Algorithm 3 can also be used to solve the interpolation step for decoding lifted \(s\)-interleaved LRS codes in the sum-subspace metric [5] requiring at most \({\widetilde{O}}\left( s^\omega {\mathfrak {M}}(n_r)\right) \) operations in \({\mathbb {F}}_{q^m}\), where \(n_r\) denotes the sum of the dimensions of the received subspaces over all shots.

Algorithm 3 can also solve the interpolation step for interpolation-based decoding of \(h\)-folded lLRS codes [23] requiring at most \({\widetilde{O}}\left( s^\omega {\mathfrak {M}}(n)\right) \) operations in \({\mathbb {F}}_{q^m}\), where \(s\le h\) is a decoding parameter and n is the length of the unfolded code.
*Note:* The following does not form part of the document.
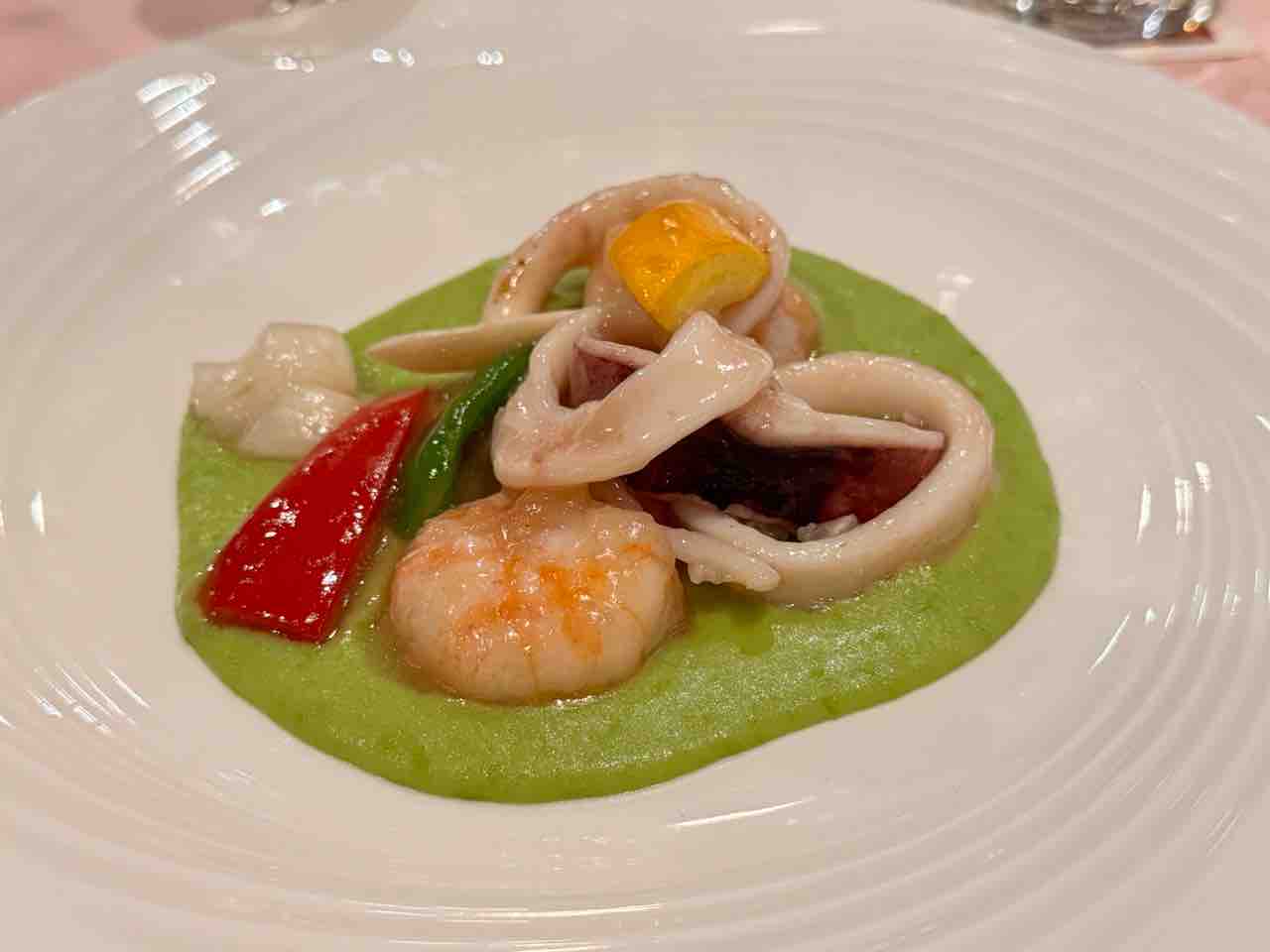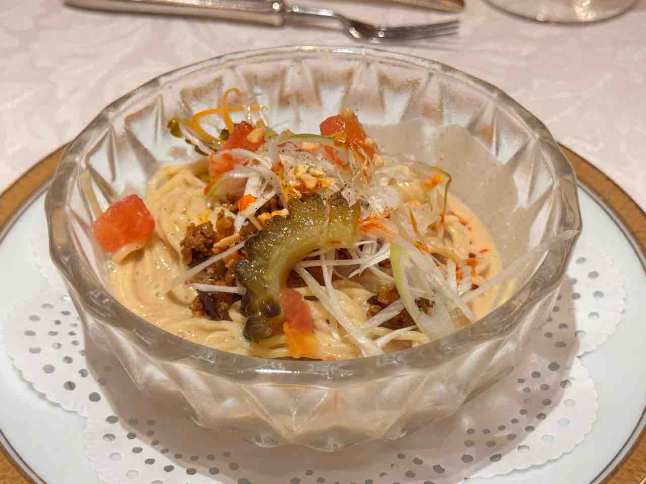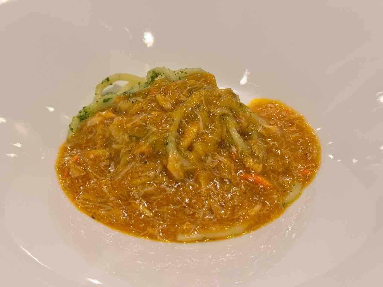 ◆蟹肉とフカヒレの翡翠冷製スープ

Since, unlike the minimal approximant basis approach in [6, 11], Algorithm 3 has no requirements on the interpolation points (related to the evaluation maps), it can be applied in a straight-forward manner to decoding problems of lifted Gabidulin and LRS code variants in the (sum-)subspace metric.

5 Conclusion

We proposed a fast divide-and conquer variant of the Kötter–Nielsen–Høholdt (KNH) interpolation over free modules over skew polynomial rings. We showed how the proposed KNH interpolation can be used to solve the interpolation step of interpolation-based decoding of interleaved Gabidulin, linearized Reed–Solomon and skew Reed–Solomon codes and variants thereof efficiently requiring at most \({\widetilde{O}}\left( s^\omega {\mathfrak {M}}(n)\right) \) operations in \({\mathbb {F}}_{q^m}\), where n is the length of the code, \(s\) the interleaving order, \({\mathfrak {M}}(n)\) the complexity for multiplying two skew polynomials of degree at most n, \(\omega \) the matrix multiplication exponent and \({\widetilde{O}}\left( \cdot \right) \) the soft-O notation which neglects log factors. The computational complexity of the proposed fast KNH variant coincides with the complexity of the currently fastest interpolation algorithms for skew polynomial rings, where the proposed variant relies on the well-known (bottom-up) KNH interpolation algorithm instead of quite involved (top–down) minimal approximant bases techniques. The proposed results also hold for codes defined over general skew polynomials rings (with derivations), except for the complexity analysis. Due to the bottom-up nature of the proposed KNH interpolation there are no requirements on the interpolation points and thus no pre-processing of the interpolation points, which may be required for the top–down minimal approximant bases approaches, is necessary.